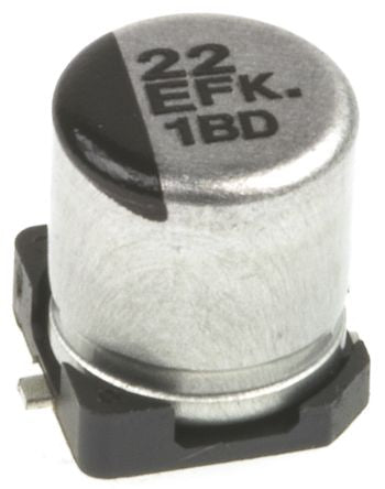 Panasonic 22μF 25V dc Aluminium Electrolytic Capacitor, Surface Mount 5 (Dia.) x 5.8mm +105°C 5mm [EEEFK1E220R]; 708-3403
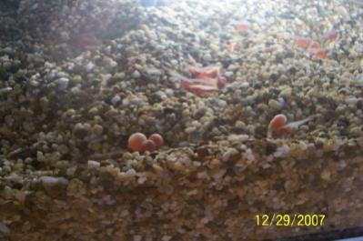 Our fish tank is now brimming with 318 Coho Salmon Eggs from Issaquah`s Salmon Hatchery which arrived on X-mas eve of course.
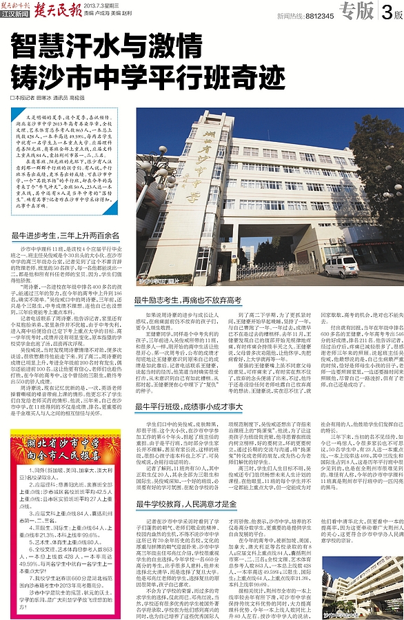 《楚天民报》7月3日第3版:智慧汗水与激情铸沙市中学平行班奇迹

→ **WORK TO BE COMPLETED**: Repeat the material verbatim but without any of its pictures.

→ **COMPLETED EXERCISE**:
 Panasonic 22μF 25V dc Aluminium Electrolytic Capacitor, Surface Mount 5 (Dia.) x 5.8mm +105°C 5mm [EEEFK1E220R]; 708-3403
 Our fish tank is now brimming with 318 Coho Salmon Eggs from Issaquah`s Salmon Hatchery which arrived on X-mas eve of course.
 《楚天民报》7月3日第3版:智慧汗水与激情铸沙市中学平行班奇迹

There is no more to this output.